## GIVEN DATA
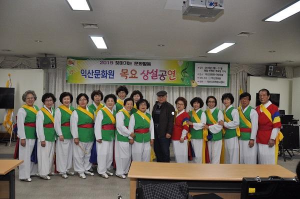 한편 2019년 찾아가는 문화활동 목요상설공연은 3월부터 시작해 11월까지 매월 셋째 주 목요일 11시에 익산문화원 야외무대에서 열린다.
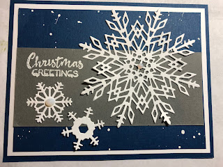 White splatters on navy with a gray band for a white embossed greeting. The snowflakes are from two different releases from Sizzix. Hope you enjoy!
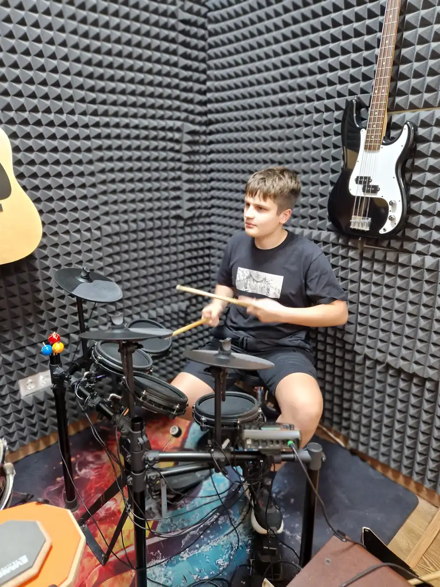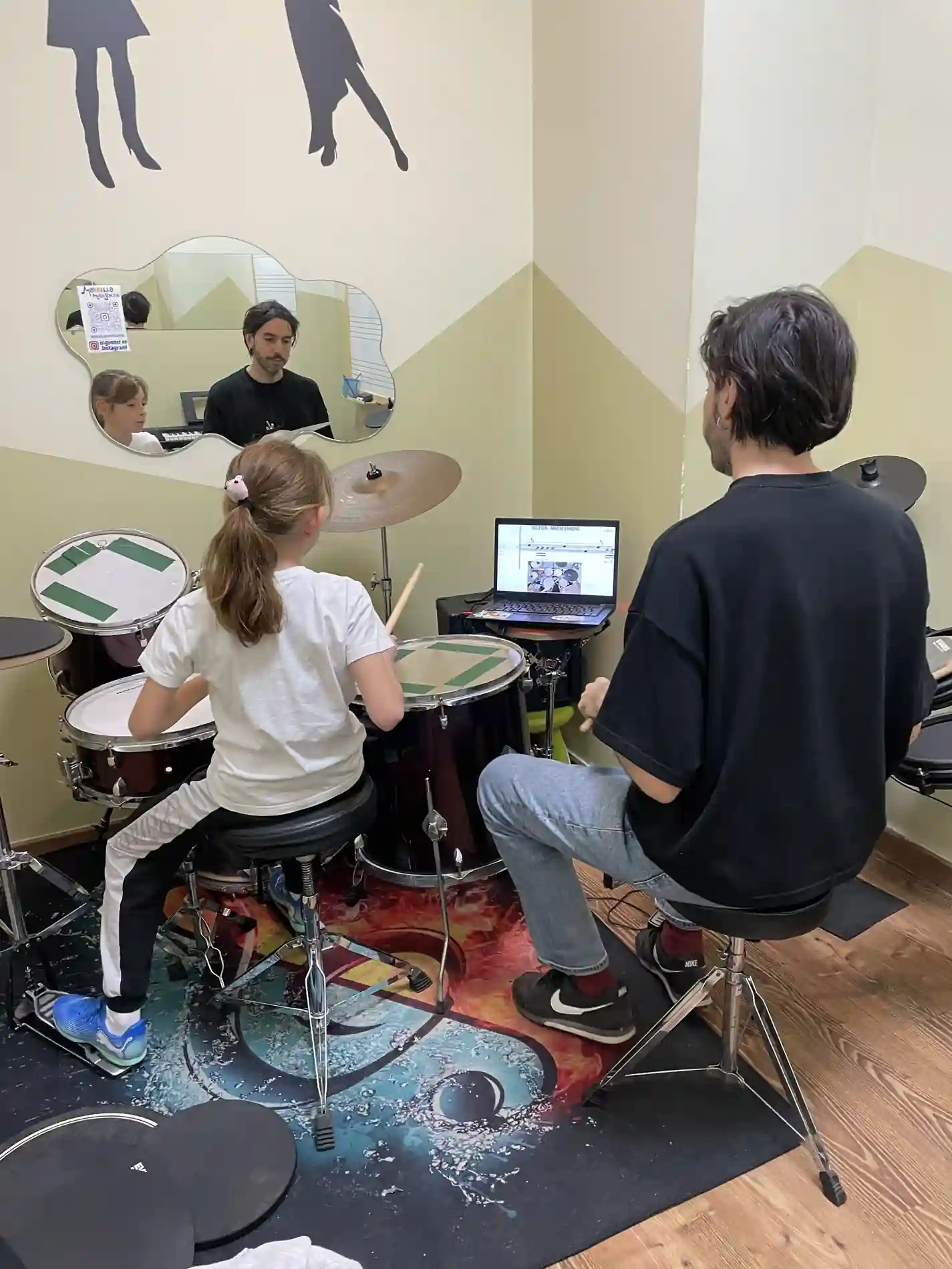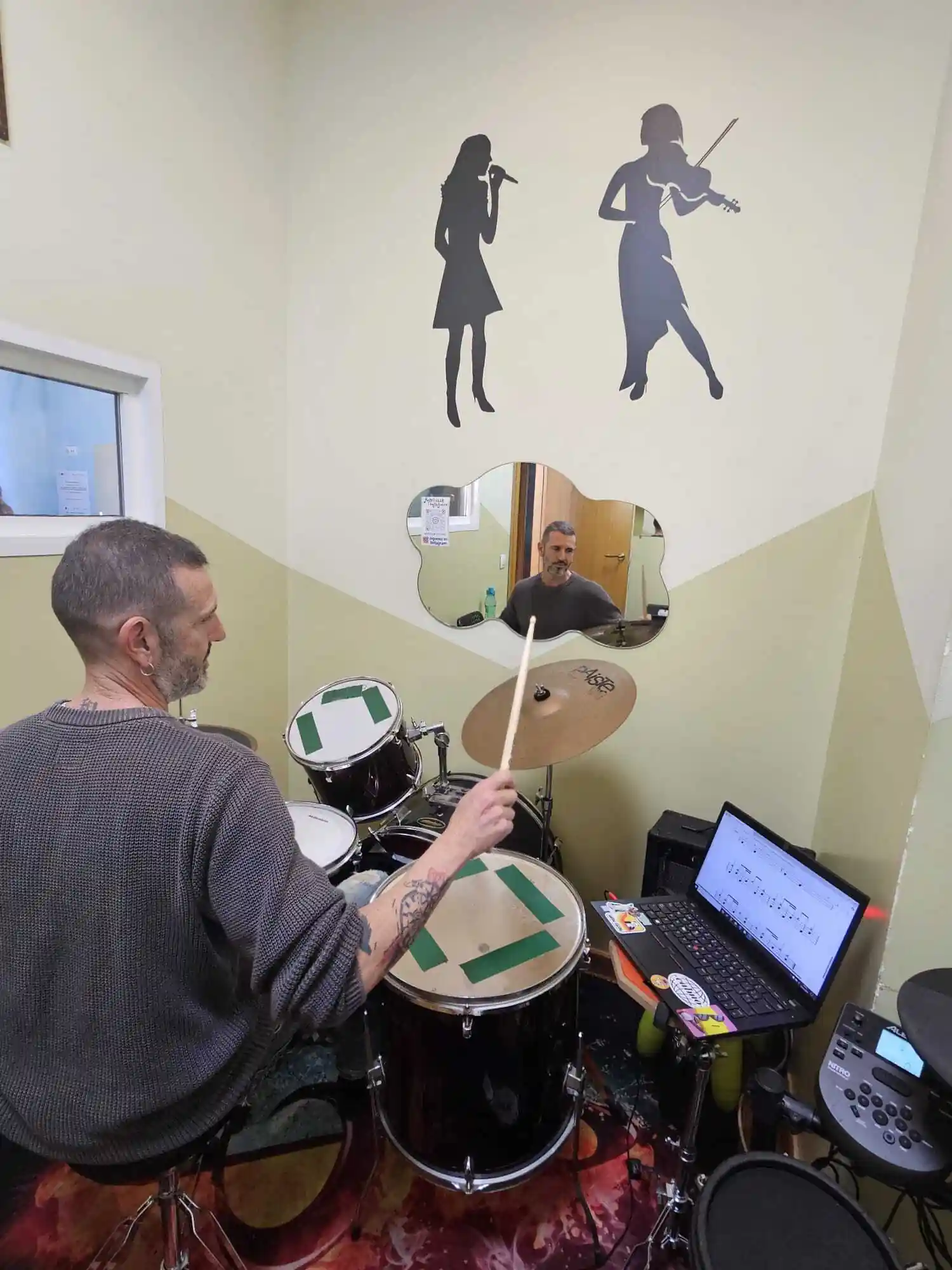 • Equipamiento Profesional: No necesitas invertir en un instrumento para empezar. Ponemos a tu disposición baterías de alta gama en nuestras aulas insonorizadas.

## ASSIGNMENT
Return all the lines above exactly; none of the pictures should appear.

## ANSWER FOR THE TASK
 한편 2019년 찾아가는 문화활동 목요상설공연은 3월부터 시작해 11월까지 매월 셋째 주 목요일 11시에 익산문화원 야외무대에서 열린다.
 White splatters on navy with a gray band for a white embossed greeting. The snowflakes are from two different releases from Sizzix. Hope you enjoy!
 • Equipamiento Profesional: No necesitas invertir en un instrumento para empezar. Ponemos a tu disposición baterías de alta gama en nuestras aulas insonorizadas.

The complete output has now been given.